Aquella mirada contenía una llamada tan intensa, tan apremiante, que Severine experimentó una excitación carnal como nunca había conocido. Lo que sintió frente a Husson el día anterior se repitió ahora sin asco, con ternura y felicidad. Severine presintió que si aquellas manos cuya fuerza conocía la agarraran ahora mismo, que si aquel cuerpo de robustos músculos se deslizase ahora sobre sus miembros, aquella súplica sería atendida y estallaría en ella la alegría y el placer que Pierre le pedía. Pero apenas había comenzado a dejarse arrastrar, cuando Severine sorprendió un destello de gratitud en las facciones de su marido. Y otra vez volvió a apoderarse de ella un sentimiento maternal.

Quedaron inmóviles.

¿En qué pensaba ahora Pierre? Tal vez en las queridas que había tenido, aquellas mujeres a las que no había amado pero que habían recibido de él el placer privilegiado y mortal. O tal vez en la injusticia que se cebaba en aquella mujer tendida a su lado, por la que era capaz de dar la vida, aquella mujer que amaba y cuyo cuerpo, por el que sentía un deseo salvaje, parecía incapacitado para la conjunción perfecta.

Se despertó en Severine un estupor triste. Sabía cuánto poder ejercía sobre el alma de Pierre, y, asimismo, que esta alma, que era suya, se cerraba frente a ella, la rechazaba como su carne le rechazaba a él.

Flotaba el fracaso sobre el silencio que reinaba entre ambos, y éste se hacía pesado, impenetrable.

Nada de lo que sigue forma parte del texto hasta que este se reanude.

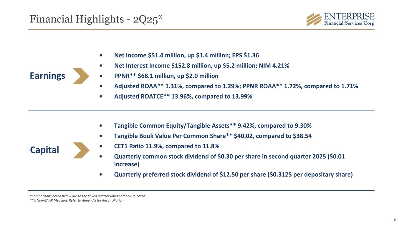 2 Some of the information in this report may contain “forward-looking statements” within the meaning of and intended to be covered by the safe harbor provisions of the Private Securities Litigation Reform Act of 1995. Such forward-looking statements may include projections based on management’s current expectations and beliefs concerning future developments and their potential effects on the Company including, without limitation, plans, strategies and goals, and statements about the Company’s expectations regarding revenue and asset growth, financial performance and profitability, loan and deposit growth, liquidity, yields and returns, loan diversification and credit management, stockholder value creation and the impact of acquisitions. Forward-looking statements are typically identified by words such as “believe,” “expect,” “anticipate,” “intend,” “outlook,” “estimate,” “forecast,” “project,” “pro forma,” “pipeline” and other similar words and expressions. Forward-looking statements are subject to numerous assumptions, risks and uncertainties, which change over time. Forward-looking statements speak only as of the date they are made. Because forward-looking statements are subject to assumptions and uncertainties, actual results or future events could differ, possibly materially, from those anticipated in the forward-looking statements and future results could differ materially from historical performance. They are neither statements of historical fact nor guarantees or assurances of future performance. While there is no assurance that any list of risks and uncertainties or risk factors is complete, important factors that could cause actual results to differ materially from those in the forward-looking statements include the following, without limitation: our ability to efficiently integrate acquisitions into our operations, retain the customers of these businesses and grow the acquired operations; credit risk; changes in the appraised valuation of real estate securing impaired loans; outcomes of litigation and other contingencies; exposure to general and local economic and market conditions, high unemployment rates, higher inflation and its impacts (including U.S. federal government measures to address higher inflation), impacts of trade and tariff policies, U.S. fiscal debt, budget and tax matters, and any slowdown in global economic growth; risks associated with rapid increases or decreases in prevailing interest rates; changes in business prospects that could impact goodwill estimates and assumptions; consolidation within the banking industry; competition from banks and other financial institutions; the ability to attract and retain relationship officers and other key personnel; burdens imposed by federal and state regulation; changes in legislative or regulatory requirements, as well as current, pending or future legislation or regulation that could have a negative effect on our revenue and business, including rules and regulations relating to bank products and financial services; changes in accounting policies and practices or accounting standards; natural disasters (including wildfires and earthquakes); terrorist activities, war and geopolitical matters (including the war in Israel and potential for a broader regional conflict and the war in Ukraine and the imposition of additional sanctions and export controls in connection therewith), or pandemics, or other health emergencies and their effects on economic and business environments in which we operate, including the related disruption to the financial market and other economic activity; and other risks referenced from time to time in the Company’s filings with the Securities and Exchange Commission (the “SEC”), including in the Company’s Annual Report on Form 10-K for the fiscal year ended December 31, 2024, and the Company’s other filings with the SEC. The Company cautions that the preceding list is not exhaustive of all possible risk factors and other factors could also adversely affect the Company’s results. For any forward-looking statements made in this press release or in any documents, EFSC claims the protection of the safe harbor for forward-looking statements contained in the Private Securities Litigation Reform Act of 1995. Annualized, pro forma, projected and estimated numbers in this document are used for illustrative purposes only, are not forecasts and may not reflect actual results. Readers are cautioned not to place undue reliance on any forward-looking statements. Except to the extent required by applicable law or regulation, EFSC disclaims any obligation to revise or publicly release any revision or update to any of the forward-looking statements included herein to reflect events or circumstances that occur after the date on which such statements were made. Forward-Looking Statements

Por suerte, ambos sentían recíprocamente esa apasionada amistad capaz de apaciguarlo todo. Ninguno de sus sentimientos esenciales se hundió con aquella derrota. Por el contrario, ésta les acercaba y afirmaba lo que era indestructible. Inconscientemente, Severine apoyó su mano en la de su marido. Él la apretó con firmeza, sin que ninguna inquietud sensual turbara el movimiento, como un compañero de camino, de vida. Ella respondió en los mismos términos.

«El placer», pensaron al mismo tiempo, «no es más que una llama fugitiva. Nosotros somos dueños de un bien menos frecuente y más seguro».

Se abría paso la luz del día, que disipa las misteriosas y profundas disputas que comprometen a los instintos, lianas de las sombras. Pierre y Severine se miraron y sonrieron. La luz recién nacida, implacable para todo cuanto se marchita, respetó sus rostros jóvenes. Emergían de la noche, llenos de limpieza y frescor.

—Aún es pronto —dijo Severine—. Tienes tiempo antes de ir al hospital. Acompáñame al Bosque.

—¿No te cansarás?

—No estoy enferma. Ya pasó todo. Vístete de prisa.

Cuando Pierre abandonó la habitación, Severine recordó de pronto que no le había dicho nada de lo ocurrido con Husson.

No se lo diré nunca —decidió—. No quiero causarle ni un solo sufrimiento inútil.

Se sintió mejor al ocultar por primera vez algo a Pierre y comprendió que le amaba más que antes.